Um presente valioso. Palavras bem estudadas e decoradas a cada conquista. Aquele sorriso malandro e charmoso. O dedo nas cicatrizes do rosto e pulso. Tudo isso, fora um tiro certeiro que a permissividade carente dela, deixara chegar ao seu coração pálido.

Batráquio teria vivido mais uma noite de luxuria na cama de mais uma mulher. Tudo que é acordado, não implica em mágoas futuras. Pessoas adultas sabem (quase sempre) resolver seu tesão sem necessariamente usar os outros. A história poderia perfeitamente terminar aqui. Mas não, todo o febricitante episódio está no porvir...

Além de tudo que já fora dito sobre ele, Batráquio tinha um sério complexo de inferioridade, tinha que se auto afirmar constantemente, talvez o que lhe fora negado na altura física pudesse ser suprido dessa maneira infame, nem que fosse usando o tom alterado da voz machista e arrogante.

Não satisfeito com a noite pueril, ele compartilhou os anseios (particulares) dela com um amigo especial, que claro, quis se aproveitar do bocado também. A extraordinária besteira desses dois foi se fazer um, o oposto do outro.

O “m”alandro e o “b”onzinho não sustentaram a bela estória por mais de uma semana. Os pontos contraditórios foram descobertos por ela, que não seguira a brilhante carreira de detetive particular.

Engano desfeito, ela usou o jogo a seu favor. Se era para ser hipócrita, seria com “catiguria”. Deu corda. Ambos se enforcaram. O riso sarcástico aos colocá-los “amigavelmente” frente a frente foi a vitória-mor. Estava vingada. (Sim, ela é como todo ser passional, vingativo.) Pronto, estava encerrado.

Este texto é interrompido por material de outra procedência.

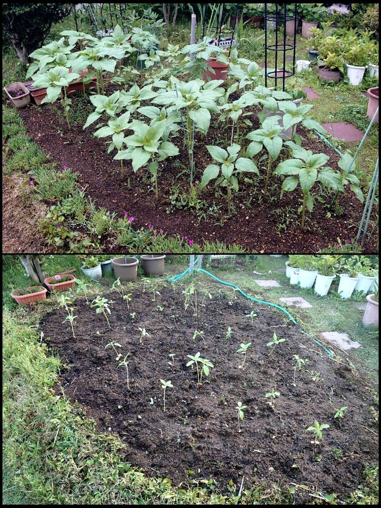6/3にポットから移植したヒマワリたち 3週間で ここまで成長しました🤣 家を訪れる人達皆さん 🌻🌻🌻🌻畑楽しみですねーってプレッシャーをかけてくれます😁😁

Aprendera com o espelho a renascer das cinzas, como uma Fênix gloriosa que saía da roda viva. A tristeza fora passageira, e, por fim, uma pedra colocada sobre o túmulo daqueles dois indigentes.

***

Passados alguns dias, talvez dezesseis anos (não metafóricos), dezesseis anos estes, que não foram capazes de separar uma amizade, ela ouvira que Batráquio espalhara o boato de sua loucura.(a dela)

Humm... juntou-se fogo à pólvora insana!

Uma coisa é ser louca pela vida. Outra coisa é deixar a vida transformar tudo em hipocrisia.

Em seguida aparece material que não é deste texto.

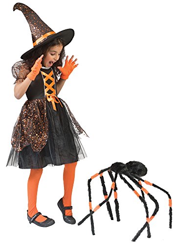 Strega Glenda Costume per ragazza nero arancione con stelle - Dolce Halloween Costume con vestito e cappello nero / arancione 4 anni
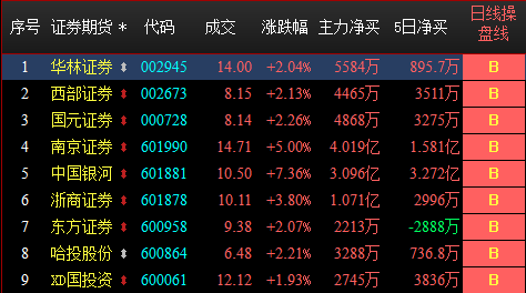 今日【证券期货BK2070】共9只个股操盘线日线出现B点信号,如下图:
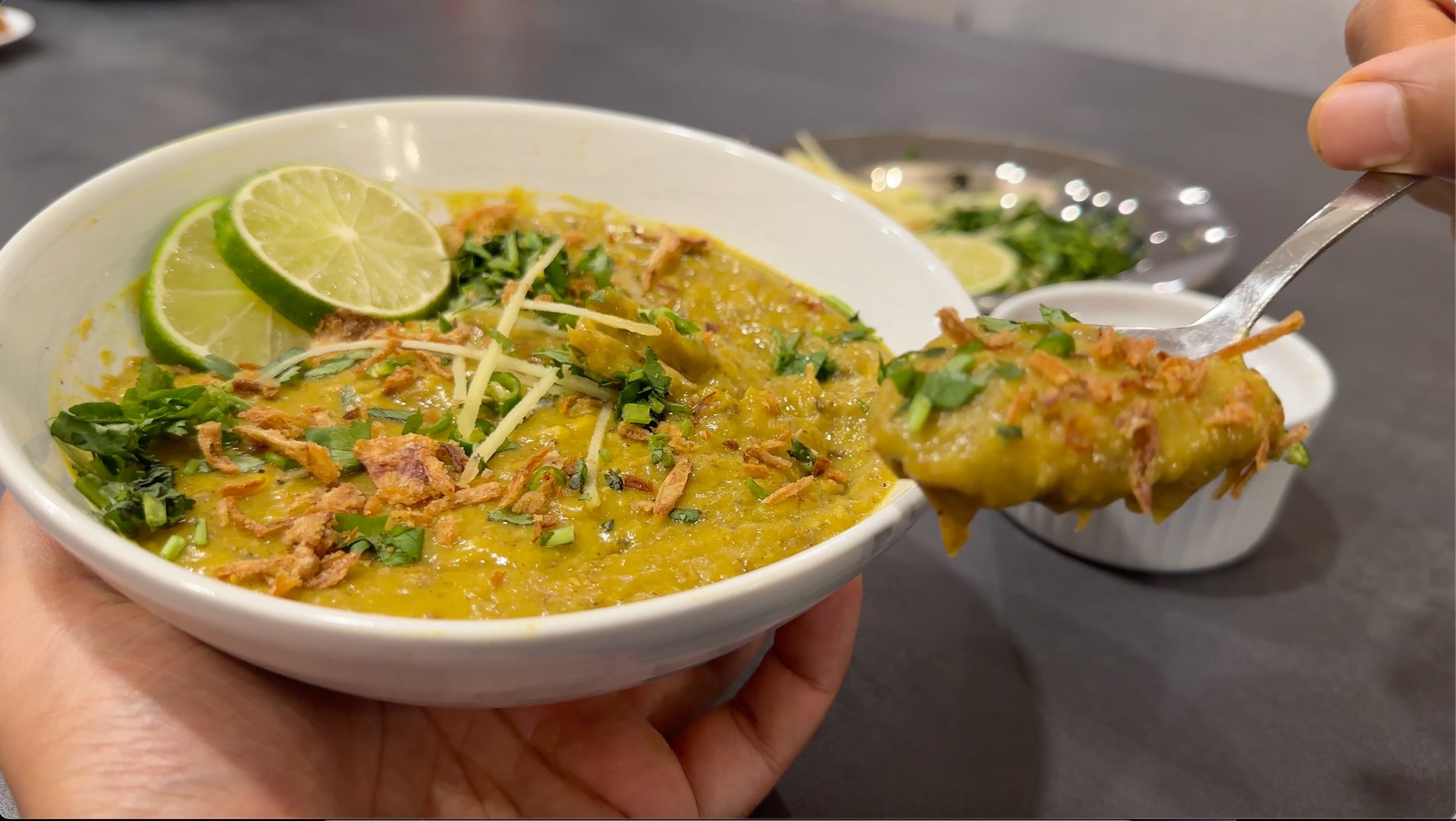 Haleem is just a hearty meat stew, as mentioned above! It’s got so much going on, but everything works together because it’s mish-mashed together. You’ll have some heat and complex flavours from the spices and garnish on top, and you’ll enjoy wonderfully shredded and tender meat. The final product you’re looking for is smooth, with just the strands of meat being visible. These strands of meat are called the resha. Essentially, think of haleem as a savoury porridge.

Uma coisa é ser louca pela paixão, deixar a loucura do desejo de dar e receber prazer envolver todos os poros e transformar a vida em vermelho vivo. Outra coisa é deixar a paixão pelo dinheiro alheio e fácil, tesar as frases feitas.

Uma coisa é uma coisa. E outra coisa sempre vai ser outra coisa.

Nada causava rubor embaraçoso à sua face. Não precisava encobri-la com um chapéu de gangster da cor castor para empalidecer a vergonha do que não era obsceno. Ela não se envergonhara de nada. A não ser, ter aberto as portas fraternais de sua amizade sincera, a um hipócrita que se esconde sob o codinome de um relacionamento aberto.

O valioso e bombado cristal se quebrara em menos de um mês... durara até tempo demais.
E ela descobrira o segredo que viajara através dos trinta e dois anos para encontrá-la:

Ela é a autora.
Ela é que escreve a própria história.
Ela é a projetista de seus sonhos.
A caneta está em suas mãos.
Ela é a arquiteta de sua alma.
O resultado será sempre o que escolher.

... e a caneta dela resolvera escrever a sua intensa loucura pelo amor, verdadeiro e simples, puro e sincero, mas nunca hipócrita. Fecha parênteses.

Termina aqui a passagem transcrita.